> **REQUIREMENT**
Line by line, repeat the material below exactly and skip the images.

> **RECORD SET**
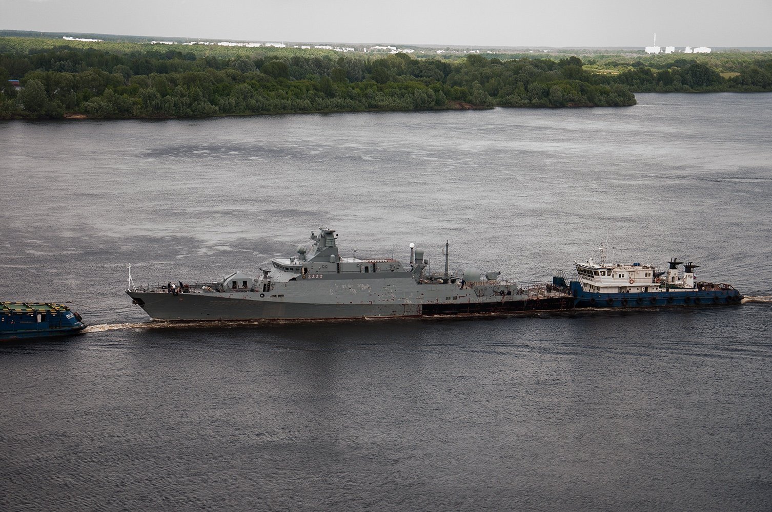 Piltidel on näha, kuidas Velikiy Ustyug korvett Aasovi merest Kaspia merele remondiks ümber paigutab. Ilmselt sai sõjalaev märtsis BM-21 Grad süsteemi suurtükitule tõttu tõsiselt kannatada.
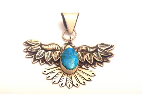 【POWWOWナゲッツ】 ナバホペンダント Derrick Cadman作 《サンダーバード/キングマン 》
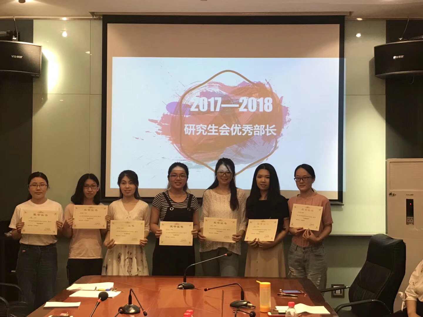 本次会议分为2017-2018年度研会工作总结、优秀部长选举、优秀主席与优秀部长颁奖仪式、新一届研会主席团竞选发言及选举四个环节。首先,2017级研究生会主席王琪就过去一年研究生会的发展与建设进行了陈述,并对文体与国际交流两个板块的活动作出了总结。她表示,过去一年,研究生会成功举办了“首届师生新年联欢会”、“国际文化交流节”、“师生趣味运动会”等多项活动,并在“乒羽篮联赛”中取得优异成绩,这些都离不开学院老师们的支持与研会成员们的辛勤付出。副主席黎思源汇报了宣传部一年来的工作,包括各类新闻写作,学院公众号“商言”的运营,各项采访,“悦读悦享”读书分享会的举办,各种宣传品的制作等,内容丰富,宣传到位。副主席刘培培对学术实践部的工作成果进行了回顾,她提到,学术实践部顺利举办了“商与学”学术论坛、“研究生就业分享会”、各种学术讲座等多项活动,开创并维护了讲座签到制度,并通过问卷调查及时向学院反馈同学的意见与建议,发挥了研会在学院与学生间的桥梁作用。
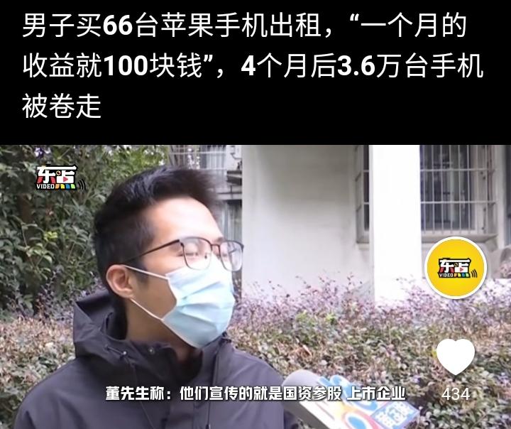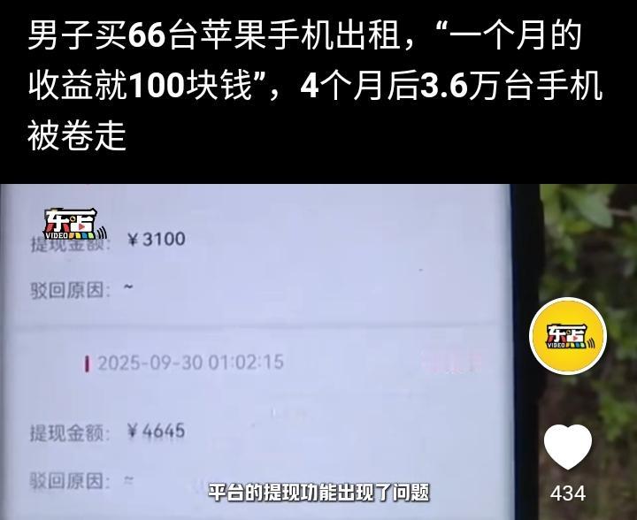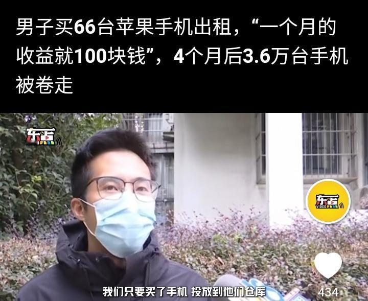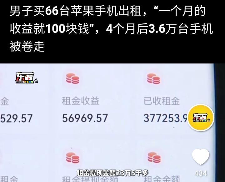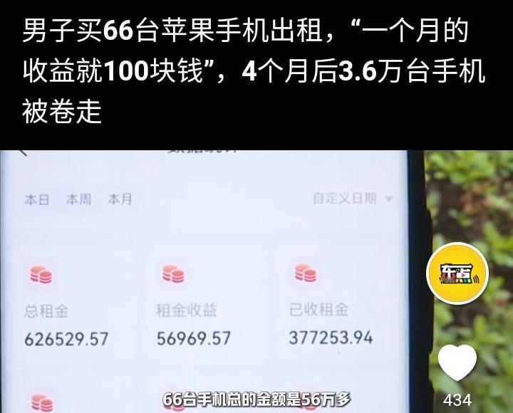 宁波的董先生今年5月2号通过一款APP购买两部苹果16Pro max共花费17780元然后交给一家平台出租,每个月租金100元,第一个月提现正常,他感觉特别的划算于是想多投入一点就可以躺平,他加大投资金额到56万,名下的手机数量增加到66台,这样每个月光收租金就高达66000元,一度让他特别的兴奋,甚至几个晚上都辗转难眠,就这样持续到9月底,再次提现出现审核敏感词,他觉得可能是平台太忙导致,等明天就会恢复正常,可第二天依然是在审核中,无法提现。 到目前为止他一共收取租金23万5千元,他的投入高达56万元,此刻他要求平台退回手机,可平台一直搪塞他,多次据理力争他意识到可能有诈,于是选择通过法律解决问题,平台表示董先生需要到公司总部面谈,并给了他一个公司负责人的电话,号称边总,可他去了以后也没说清楚到底怎么回事,边总的意思是投资方跑路把3.6万台手机也卷走了,平台也是受害方,可这个解释过于牵强,这本身就是一个局中局的诈骗套路,先给你一点甜头然后收割你。 马总说过:上当不是骗子太狡猾,而是你太贪,现在想想确实是那么回事,投资是一个风险很高的行业,没有特别清晰的思维勿进,容易破财。
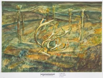 Композиция горизонтального формата, изображен пасмурный пейзаж Камчатки. На первом плане на земле лежат оленьи рога и стоят вертикально вкопанные палки с развилками на конце. На заднем плане видны остроконечные горы и пасмурное небо над ними.

> **WRITTEN RESPONSE**
 Piltidel on näha, kuidas Velikiy Ustyug korvett Aasovi merest Kaspia merele remondiks ümber paigutab. Ilmselt sai sõjalaev märtsis BM-21 Grad süsteemi suurtükitule tõttu tõsiselt kannatada.
 【POWWOWナゲッツ】 ナバホペンダント Derrick Cadman作 《サンダーバード/キングマン 》
 本次会议分为2017-2018年度研会工作总结、优秀部长选举、优秀主席与优秀部长颁奖仪式、新一届研会主席团竞选发言及选举四个环节。首先,2017级研究生会主席王琪就过去一年研究生会的发展与建设进行了陈述,并对文体与国际交流两个板块的活动作出了总结。她表示,过去一年,研究生会成功举办了“首届师生新年联欢会”、“国际文化交流节”、“师生趣味运动会”等多项活动,并在“乒羽篮联赛”中取得优异成绩,这些都离不开学院老师们的支持与研会成员们的辛勤付出。副主席黎思源汇报了宣传部一年来的工作,包括各类新闻写作,学院公众号“商言”的运营,各项采访,“悦读悦享”读书分享会的举办,各种宣传品的制作等,内容丰富,宣传到位。副主席刘培培对学术实践部的工作成果进行了回顾,她提到,学术实践部顺利举办了“商与学”学术论坛、“研究生就业分享会”、各种学术讲座等多项活动,开创并维护了讲座签到制度,并通过问卷调查及时向学院反馈同学的意见与建议,发挥了研会在学院与学生间的桥梁作用。
 宁波的董先生今年5月2号通过一款APP购买两部苹果16Pro max共花费17780元然后交给一家平台出租,每个月租金100元,第一个月提现正常,他感觉特别的划算于是想多投入一点就可以躺平,他加大投资金额到56万,名下的手机数量增加到66台,这样每个月光收租金就高达66000元,一度让他特别的兴奋,甚至几个晚上都辗转难眠,就这样持续到9月底,再次提现出现审核敏感词,他觉得可能是平台太忙导致,等明天就会恢复正常,可第二天依然是在审核中,无法提现。 到目前为止他一共收取租金23万5千元,他的投入高达56万元,此刻他要求平台退回手机,可平台一直搪塞他,多次据理力争他意识到可能有诈,于是选择通过法律解决问题,平台表示董先生需要到公司总部面谈,并给了他一个公司负责人的电话,号称边总,可他去了以后也没说清楚到底怎么回事,边总的意思是投资方跑路把3.6万台手机也卷走了,平台也是受害方,可这个解释过于牵强,这本身就是一个局中局的诈骗套路,先给你一点甜头然后收割你。 马总说过:上当不是骗子太狡猾,而是你太贪,现在想想确实是那么回事,投资是一个风险很高的行业,没有特别清晰的思维勿进,容易破财。
 Композиция горизонтального формата, изображен пасмурный пейзаж Камчатки. На первом плане на земле лежат оленьи рога и стоят вертикально вкопанные палки с развилками на конце. На заднем плане видны остроконечные горы и пасмурное небо над ними.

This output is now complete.